Comedian Ian Cognito died during a stand-up act in which he joked about dying on stage and then fell silent while the audience continued laughing, thinking it was a joke.
“Imagine if I died in front of you lot here,” Cognito, 60, joked on stage during his set Thursday. Andrew Bird, who runs the Lone Wolf Comedy Club in Bicester, England, told the BBC: “Everyone in the crowd, me included, thought he was joking. Even when I walked on stage and touched his arm I was expecting him to say ‘boo’.”
Audience members were mortified when they learned that had been chuckling at a man dying. “We came out feeling really sick, we just sat there for five minutes watching him, laughing at him,” said audience member John Ostojak. He added: “Only 10 minutes before he sat down, he joked about having a stroke. He said, ‘Imagine having a stroke and waking up speaking Welsh?'”

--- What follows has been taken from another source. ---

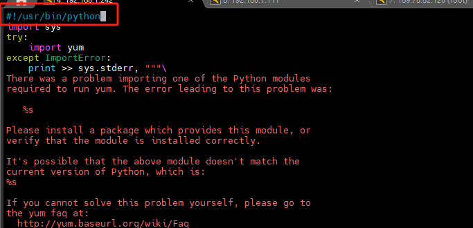1、修改/bin/yum的python版本,注意python版本对应的路径,指定使用python2.7作为yum的解释器:参考7.1
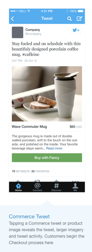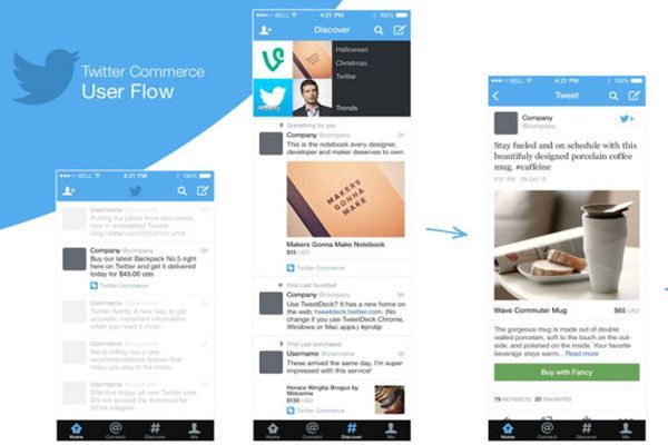 Las imágenes de Twitter Commerce han aparecido en el sitio de comercio electrónico Fancy.com. Fuentes cercanas al proyecto indican que se trataría de una maqueta con el diseño de esta plataforma comercial de Twitter que se apoyaría en sitios como Fancy y otras compañías similares con las que estaría en conversaciones.

Fellow comedians extended their sympathies on Twitter after hearing the news of Cognito’s death but commented that his demise was in some ways fitting.

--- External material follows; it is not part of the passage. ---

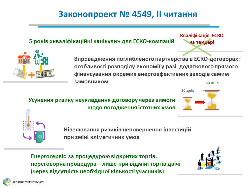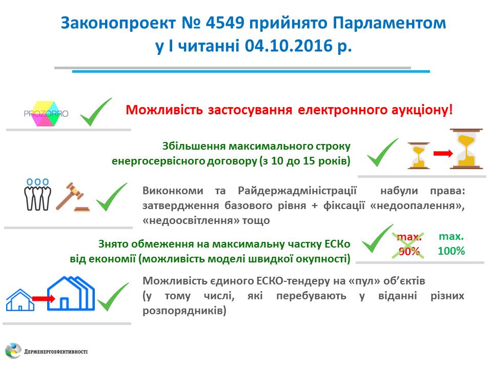 "На сьогодні завдяки прийнятій ще у 2015 році законодавчій базі тривають роботи за 19-ма укладеними ЕСКО-договорами на загальну суму 7 млн. грн. Інвестори вже почали повертати свої вкладення. Втім, щоб ліквідувати всі законодавчі бар’єри на шляху розвитку цього ринку та удосконалити діючий ЕСКО-механізм розроблено законопроект №4549. Цим проектом Закону передбачається забезпечити можливість застосування електронних аукціонів та майданчика PROZORRO для закупівель енергосервісу", - прокоментував Голова Держенергоефективності Сергій Савчук.

“Died with his boots on. That’s commitment to comedy. I’ll never forget his kindness when I started out & how god damn funny he was,” said comedian Jimmy Carr.

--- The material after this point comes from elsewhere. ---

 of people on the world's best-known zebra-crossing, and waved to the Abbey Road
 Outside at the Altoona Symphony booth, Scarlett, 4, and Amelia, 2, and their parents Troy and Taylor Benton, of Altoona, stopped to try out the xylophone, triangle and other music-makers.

Veteran stand-up comedian Ian Cognito has died on-stage – literally. The audience thought it was part of the act. Died with his boots on. That’s commitment to comedy. I’ll never forget his kindness when I started out & how god damn funny he was.
— Jimmy Carr (@jimmycarr) April 12, 2019
Comedian Mark Steel said Cognito had “expired in his natural home” and was “a difficult awkward hilarious troubled brilliant sort, a proper comic.”
Bird said that dying on stage would have been the way Cognito “would have wanted to go,” adding: “Except he’d want more money and a bigger venue”
There is a comedic tradition of dying on stage. In 1984, comedian Tommy Cooper suffered a heart attack in the middle of his set on live television. His assistants and viewers back home thought he was making a joke as he slumped over and then writhed on the ground.
Cognito, whose real name was Paul Barbieri, started performing in the mid-1980s. He won the Time Out Award for Stand-up Comedy in 1999 but never really hit the big time.